_EXERCISE OBJECTIVE_:
Restate the following entries exactly. Keep the pictures out.

_Data records_:
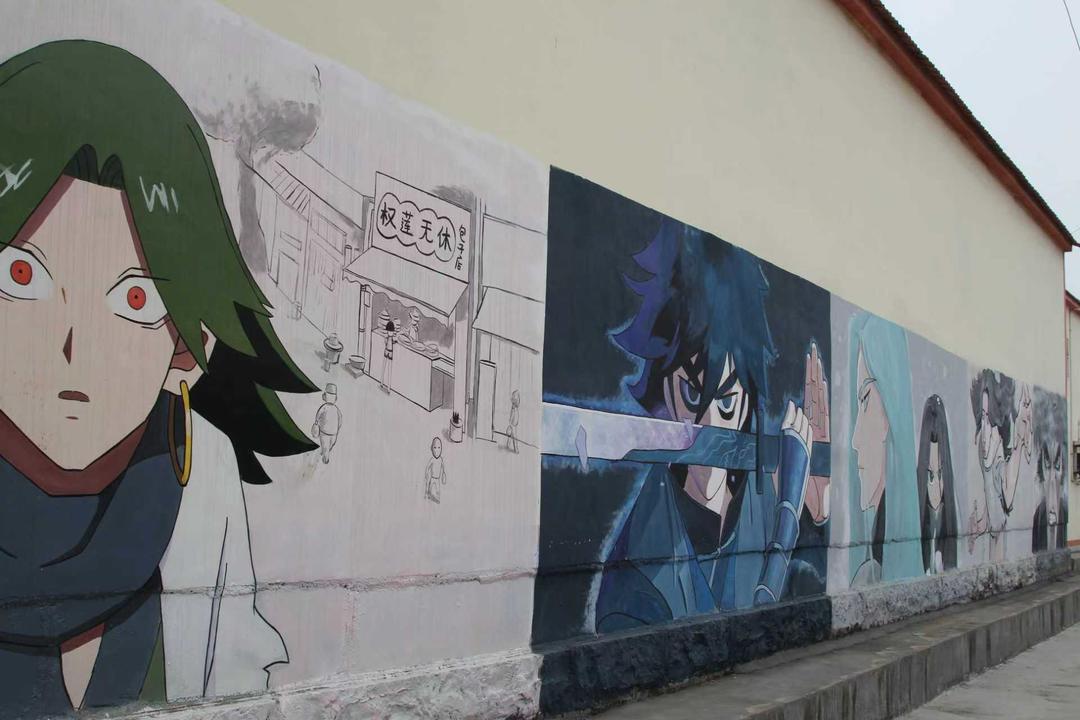 如果说传统民俗唤醒了乡愁,那么动漫元素则为何垓村注入了年轻的活力。在村内的“动漫街道”,哪吒、黑悟空、申公豹、索隆、哆啦A梦、机器猫等70多个经典动漫形象跃然墙上,色彩鲜艳,栩栩如生。这条街一问世,迅速成为游客尤其是年轻人的打卡地,最高峰时周末每天客流量达三四万人,火爆持续大半年。村民趁着这股高人气,在家门口卖起文玩、制作地方美食,腰包也跟着鼓了起来。
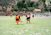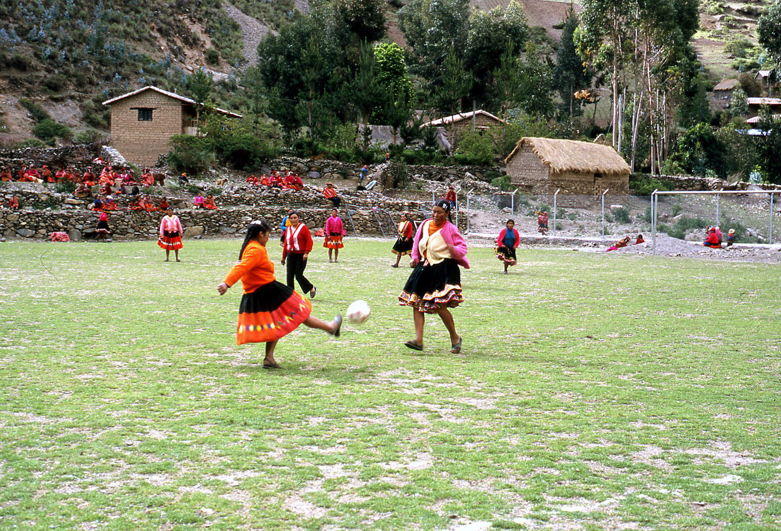 Churubamba - Frauen am BallDie Frauen aus Churubamba spielen in ihrer Alltagskleidung: in Sandalen und traditioneller TrachtBild: © ARTE G.E.I.E.
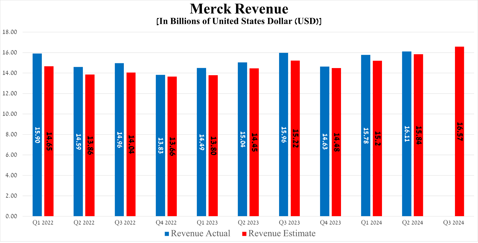 The Rahway-based company’s revenue was $16.11 billion in the second quarter of 2024, up 7.1% year-over-year and beating the consensus estimate by $270 million.
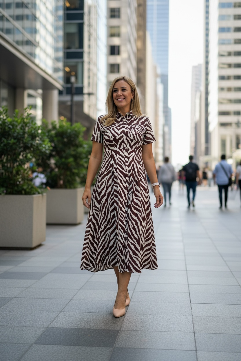 Vestido Largo de Botones Estampado Zebra Print en Café
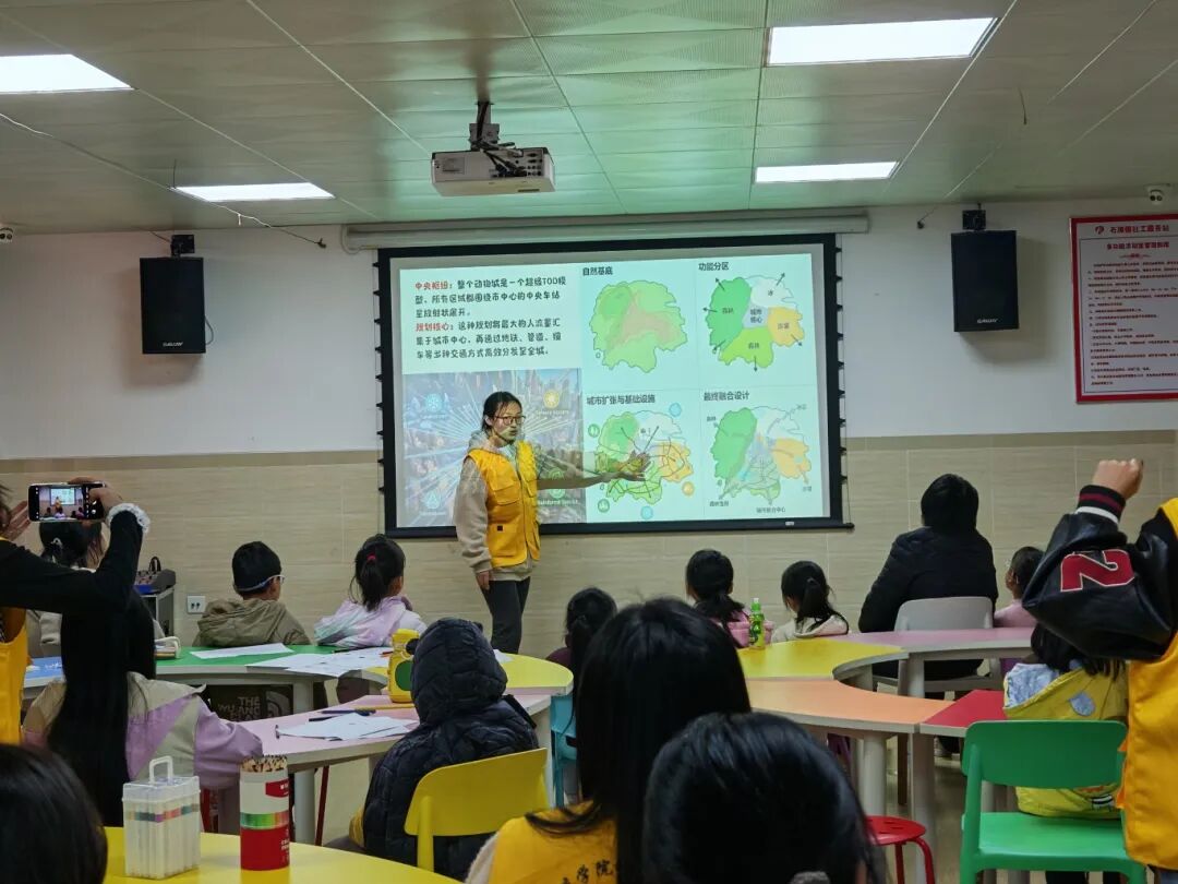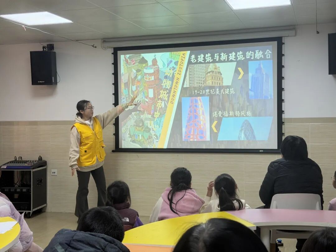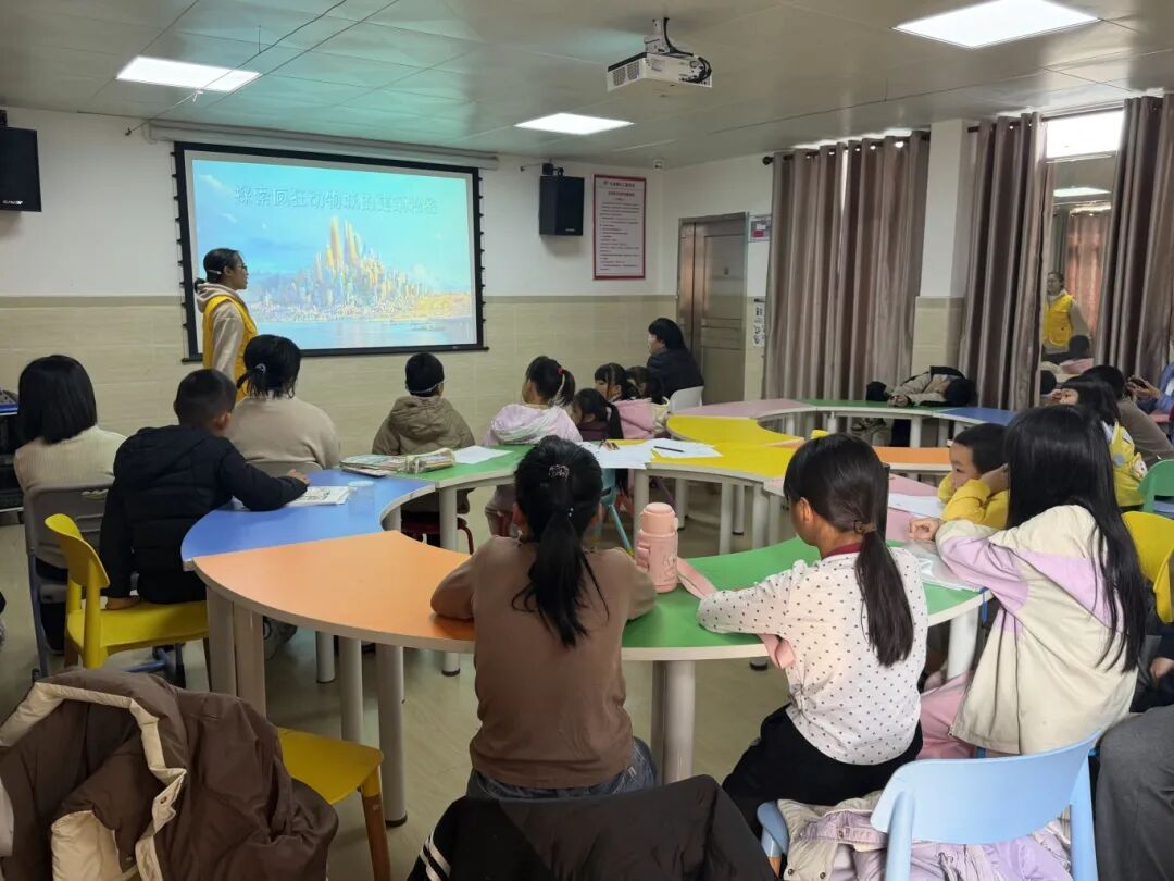 志愿者们以经典动画电影《疯狂动物城》为教学载体,引导孩子们细致观察不同动物的生活习性与居住建筑的适配逻辑——从大象家高挑开阔的门厅设计,到仓鼠镇精巧便捷的微型通道布局,生动解读了“适应性规划”等专业建筑理念。

_TASK SOLUTION_:
 如果说传统民俗唤醒了乡愁,那么动漫元素则为何垓村注入了年轻的活力。在村内的“动漫街道”,哪吒、黑悟空、申公豹、索隆、哆啦A梦、机器猫等70多个经典动漫形象跃然墙上,色彩鲜艳,栩栩如生。这条街一问世,迅速成为游客尤其是年轻人的打卡地,最高峰时周末每天客流量达三四万人,火爆持续大半年。村民趁着这股高人气,在家门口卖起文玩、制作地方美食,腰包也跟着鼓了起来。
 Churubamba - Frauen am BallDie Frauen aus Churubamba spielen in ihrer Alltagskleidung: in Sandalen und traditioneller TrachtBild: © ARTE G.E.I.E.
 The Rahway-based company’s revenue was $16.11 billion in the second quarter of 2024, up 7.1% year-over-year and beating the consensus estimate by $270 million.
 Vestido Largo de Botones Estampado Zebra Print en Café
 志愿者们以经典动画电影《疯狂动物城》为教学载体,引导孩子们细致观察不同动物的生活习性与居住建筑的适配逻辑——从大象家高挑开阔的门厅设计,到仓鼠镇精巧便捷的微型通道布局,生动解读了“适应性规划”等专业建筑理念。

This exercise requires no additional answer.